A classic Princess and the Pauper style story, Hudgens plays both Stacey, a Chicago baker too uptight for her own good, and Margaret, a Duchess set to marry the arrogant Prince Edward, who she doesn’t particularly like, let alone love. When they run into each other in the fictional country of Belgravia during a baking competition Stacey is taking part in, they realize their crazy resemblance to one another and the spontaneous Margaret decides they should swap places for a couple days. Inevitably, each woman falls in love with the other’s disinterested man (in Margaret’s case, Stacey’s old friend Kevin), and zany antics ensue. This synopsis is already far longer than most that I write, and it still feels as though I’ve left out some crucial details – the convoluted twists and turns and explanations in The Princess Switch are absolutely bizarre at points, and mostly unwarranted.

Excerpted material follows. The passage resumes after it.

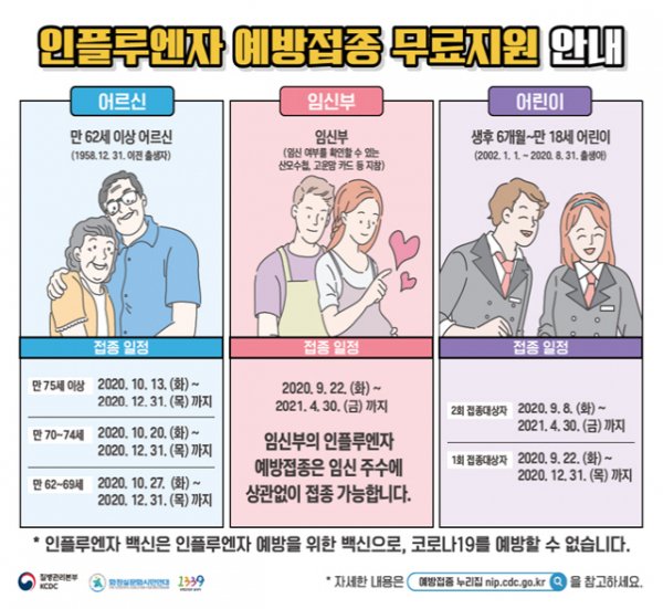독감 예방 접종 후 항체가 형성되는데 2주 정도 걸리기 때문에 11월 중순 유행 시기에 맞춘다면 10월 말까지는 예방접종을 마쳐야 한다는 것이 전문가들의 의견입니다.미국 질병통제예방센터에서는 "생후 6개월이 넘은 사람은 9~10월 사이에 독감 백신을 맞는 게 바람직하다"고 권고했으며 "65세 이상이라면 특히 시기를 놓치지 않도록 주의할 것"이라고 당부했습니다.날씨가 쌀쌀해지면 해마다 급성 호흡기 질환인 '독감'이 유행 조짐을 보입니다. 독감은 단순히 심한 감기를 지칭하는 게 아니라, 감기를 일으키는 원인이 인플루엔자 바이러스일 때만 독감이라고 명칭합니다. 증상은 39도 이상 고열이 특징이며 두통과 근육통을 동반합니다.특히 노인과 어린이같이 다양한 질병에 노출돼 있을 경우, 독감 예방주사를 필수로 맞는 것이 좋습니다.
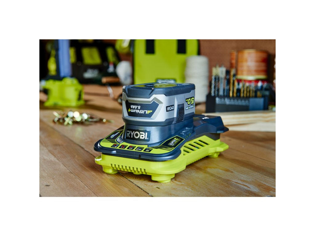 Rychlonabíječka RYOBI RC18-150 je kompatibilní se všemi 18V Lithium-iontovými akumulátory ONE+. Nabíječka nabíjí rychlostí 5.0 Amp/h, což znamená, že 5.0 Ah akumulátor nabije za 1 hodinu. Indikátor zobrazuje stav akumulátoru při nabíjení a udržování. Inteligentní sledování podmínek vyhodnocuje napětí a teplotu akumulátoru při nabíjení, a zajišťuje tak dlouhodobou životnost.

But at least Hudgens is charming as ever. Though I was never really a High School Musical kid, I do appreciate how multi-talented and charismatic both Efron and Hudgens have proven themselves to be, and her warmth does help to elevate the movie as a whole. She does a surprisingly good job switching between the two characters, as well as pretending to be one being the other, and has a good chemistry with both leading men. Though I appreciate that Sam Palladio’s Prince Edward had some development as a character, aided by his Colin Firthy performance, I did find myself wishing that the film had gone in a little harder on the royals; it’s 2018, and whilst I like escapist entertainment as much as the next person, I did find it aggravating that director Mike Rohl seems so enamored with the monarchy.
Undoubtedly, the main thing this movie has going for it is production design. From the Pinterest interiors of the cabin Stacey is staying in to the snow-covered markets of Belgravia and her adorable bakery from the start, most of The Princess Switch resembles one of the protagonist’s baked creations. Most Hallmark Christmas movies neglect this element of filmmaking, instead relying on attractive leads and a lack of conflict to wrap the reader in a soft blanket, so I respect the effort that went into making this film so damn appealing.
If you’ve already made your mind up on The Princess Switch, I doubt this review will swing you to the other side of the argument. So my closing statement is simply that it kept me entertained, and that don’t worry, I promise I’ll watch Roma soon.